Il 24 settembre ad Amatrice (un mese esatto dal sisma) entro in punta di piedi nella tenda dove si sta celebrando Messa. Non come un ladro ma come una persona che non vuole disturbare, cerco la posizione che possa dare meno fastidio a tutti. Non sto neppure in piedi per non impedire la vista a chi sta dietro di me e segue la celebrazione. Ma proprio mentre sto per scattare una foto ad Alessia, in modo comunque da far percepire che è una bambina ma senza renderla riconoscibile, e il volto del vescovo di Rieti finisce incorniciato tra le teste dei genitori che tengono la battezzata in braccio, improvvisamente l’inquadratura si fa buia e mi accorgo che un bambino mi si è parato innanzi.
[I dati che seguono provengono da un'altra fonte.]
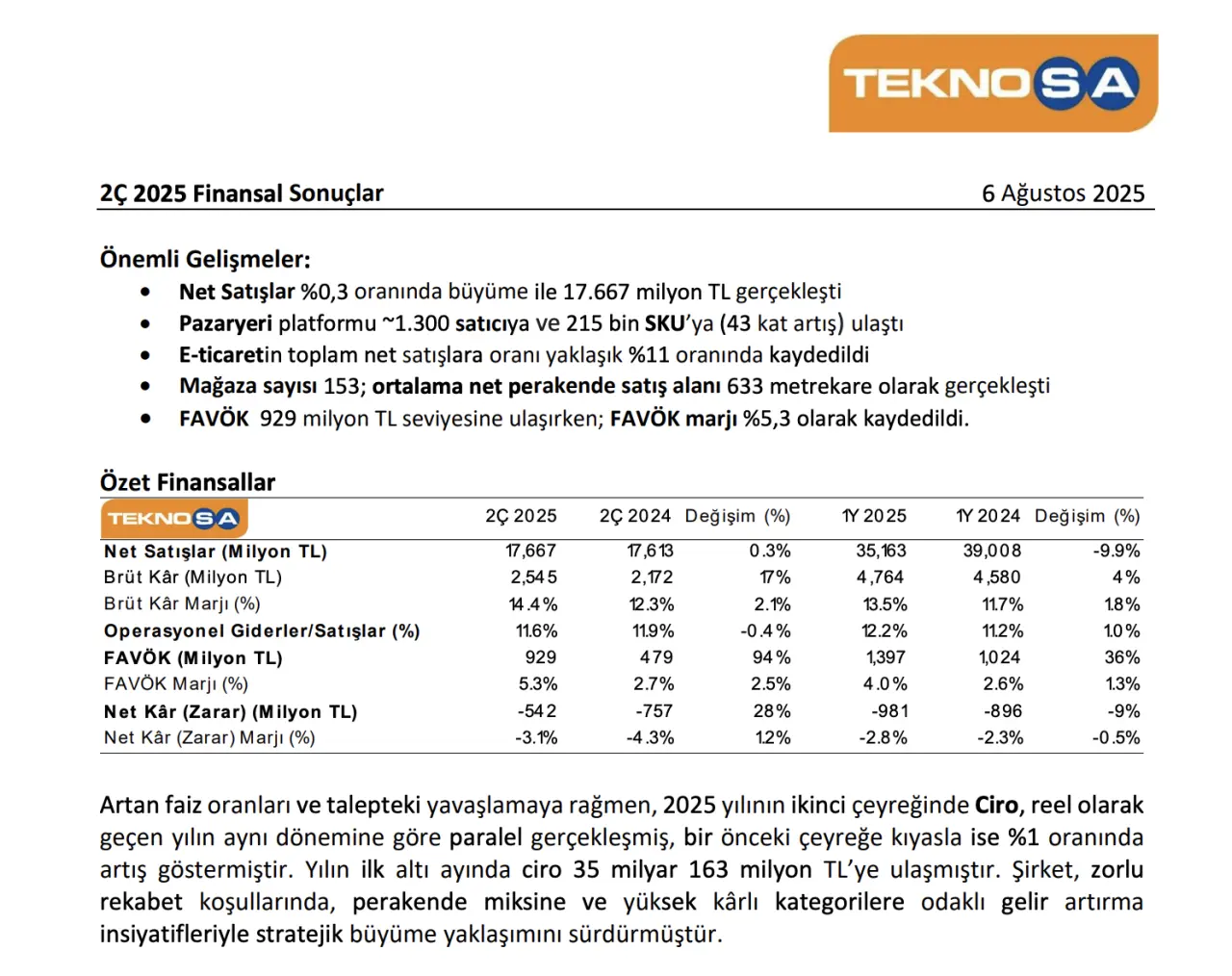 Teknosa, 2025'in ilk 6 ayında 35,1 milyar TL’lik satış yaptı. Bu satışlardan elde edilen brüt kâr 4,76 milyar TL olsa da, şirketin cebinde kâr yerine borç kaldı. Çünkü:

Mi scosto leggermente più verso la destra, restando sempre in ginocchio e rimanendo il più discreto possibile, affacciato appena tra le file di sedie ma, puntualmente ad ogni spostamento, la scena si ripete e capisco che non è solo una casualità, allora guardo diritto negli occhi il bambino e gli chiedo a bassa voce: “Ma lo stai facendo di proposito?”. Sincera e chiara la sua risposta: “Sì”.
Gli chiedo scusa con gli occhi perché capisco immediatamente cosa sta succedendo, da un mese a questa parte, in questa terra martoriata dal terremoto che ha mietuto vittime e lasciato di Amatrice solo macerie.
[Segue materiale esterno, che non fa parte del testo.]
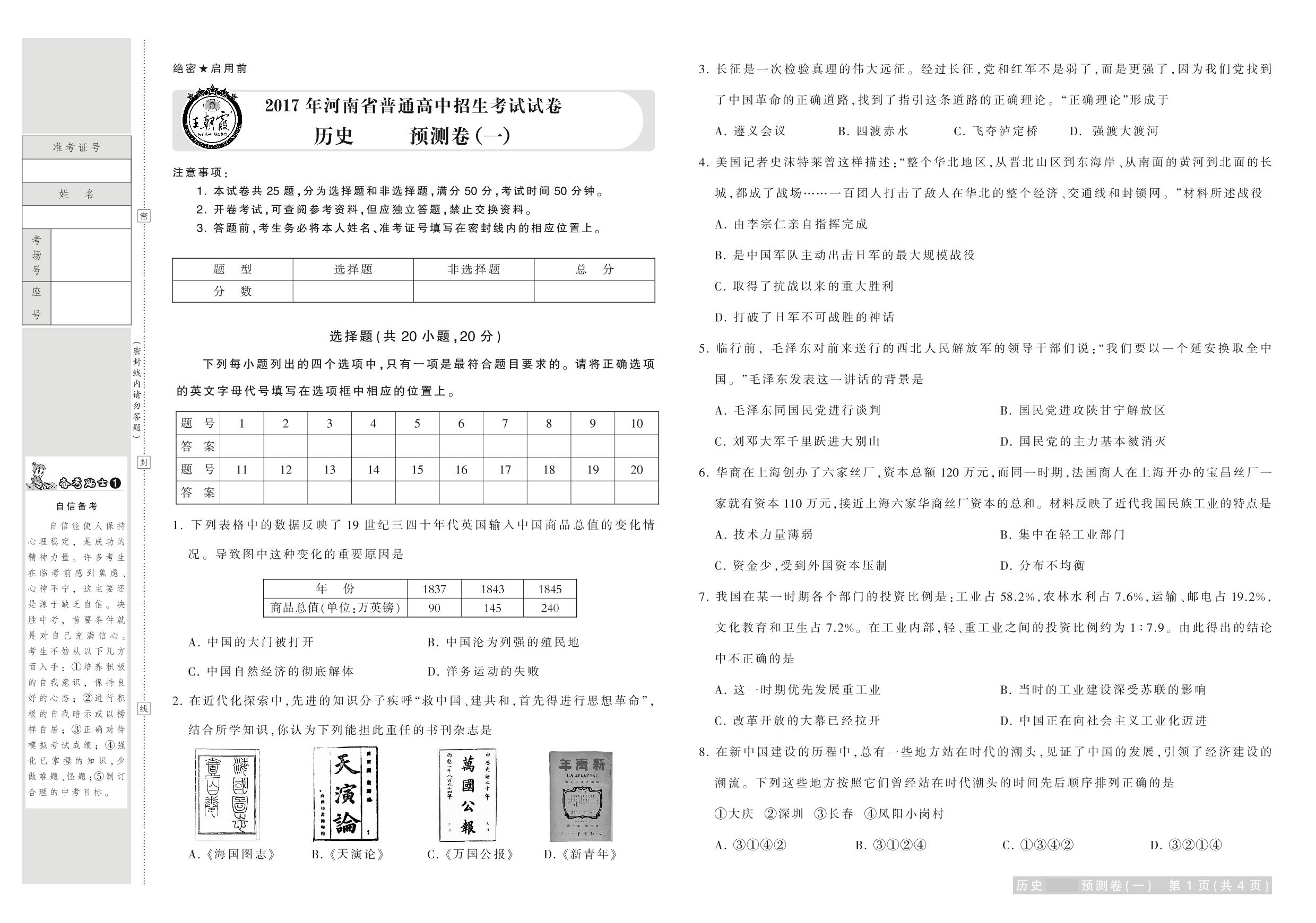 2017年河南省普通高中招生考试试卷历史·预测卷(一)

Non posso fare a meno di chiedergli scusa, anche se, dentro di me, so di non essere uno di quei giornalisti che, pur di riempire il tempo del servizio, è pronto a piazzare il microfono sotto la bocca di qualsiasi persona si trovi innanzi; anche se non sono uno di quei cameraman che si infila nei bagni chiusi; anche se non sono uno di quei fotografi che non si rendono conto che il click della macchinetta a volte fa più rumore di una casa che crolla; anche se non cerco cadaveri per riempire le pagine del giornale ma voglio conoscere i vivi per trovare con loro il modo di aiutarli; anche se non vado alla ricerca di lacrime disperate, ma di un sorriso di speranza.
Le scuse sono dovute a persone che, loro malgrado, si sono ritrovate vittime di un sisma e, per questo, al centro delle attenzioni dei media di tutto il mondo che, forse troppo presi dall’ansia di dover raccontare qualcosa più velocemente o meglio di altri, alcune volte non si rendono conto che di fronte ci sono persone come loro e, anche se non hanno più una casa, quella vorrebbero che restasse comunque la loro intimità.
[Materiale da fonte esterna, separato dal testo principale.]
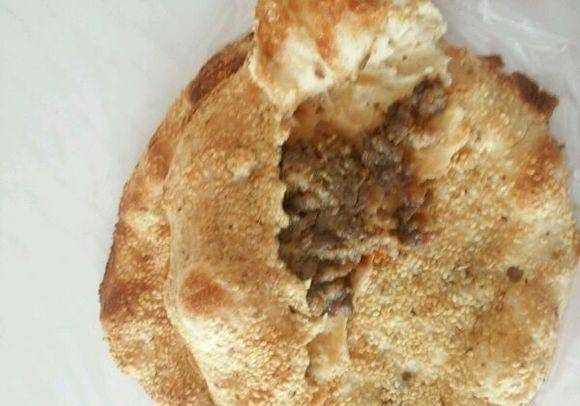 淄川肉燒餅又薄又圓,兩面金黃,其中一面撒滿芝麻粒,餅內帶有肉餡丁,吃起來筋道耐嚼,滿口醇香。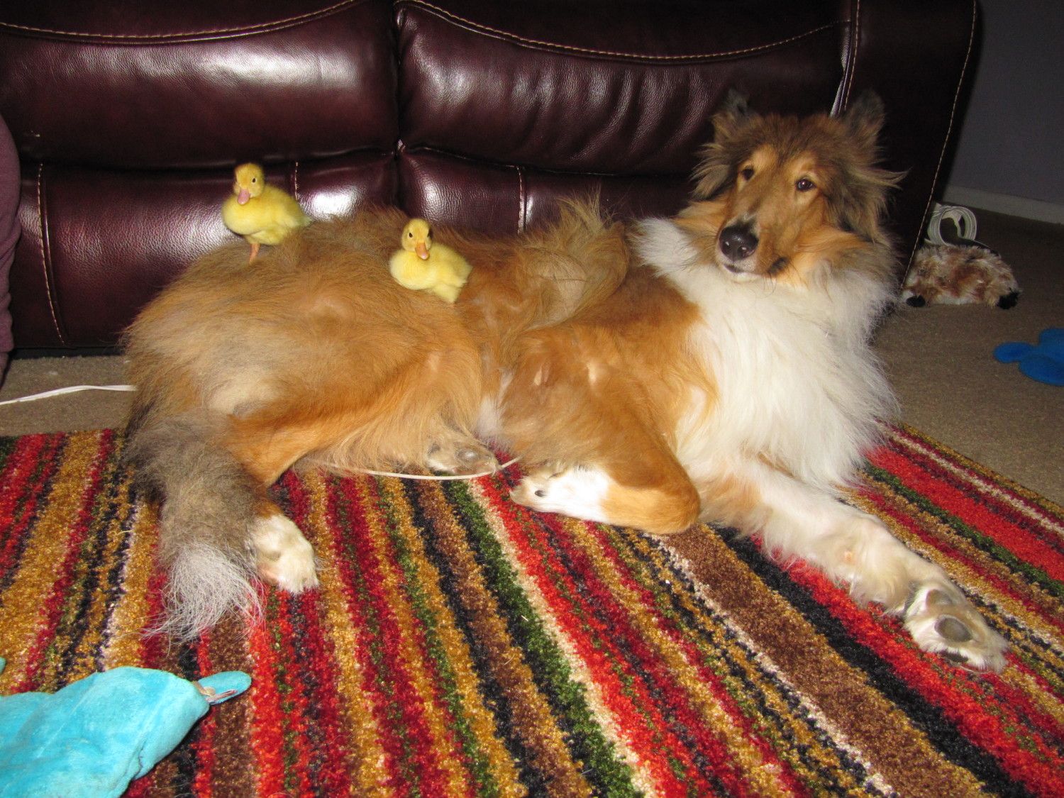 OMGosh!! That is the cutest pic!! Smith and Wesson were hatched by a jersey giant chicken. So, when I got them, I actually bought a black feather duster for them to hide under. They'd hide in the feathers and peek their little bills out. It just cracks me up what the ducklings decide to bond with!!

Un bambino forse non riesce a percepire bene cosa sia la famosa privacy di cui ci riempiamo la bocca noi adulti e, molto probabilmente, quel bimbo che cercava in tutti i modi di non farmi scattare la foto, in realtà cercava solamente di farsi giustizia a modo suo,
facendo un dispetto a una di quelle persone che, in quest’ultimo periodo, avrà sentito tanto disprezzare dai suoi genitori perché non gli hanno lasciato la possibilità di avere un po’ di pace, neppure mentre erano sporchi, svestiti, in lacrime o semplicemente seduti su una panchina per riposarsi un attimo.
È giusto raccontare cosa accade, lo stiamo facendo soprattutto per cercare di esaudire il primo desiderio di chi ha subito questa vicenda, cioè non spegnere i riflettori su quanto è accaduto e sulle promesse fatte perché il territorio colpito dal terremoto risorga il prima possibile. Dobbiamo però renderci conto che i riflettori danno anche fastidio e quindi, a noi giornalisti, forse farebbe bene ripensare al consiglio per l’armonia in famiglia donato da Papa Francesco, che tutti attendiamo ad Amatrice per poter consumare altre ore di televisione o spellarci il dito sul tasto di scatto della macchinetta fotografica: “Permesso, grazie, scusa”.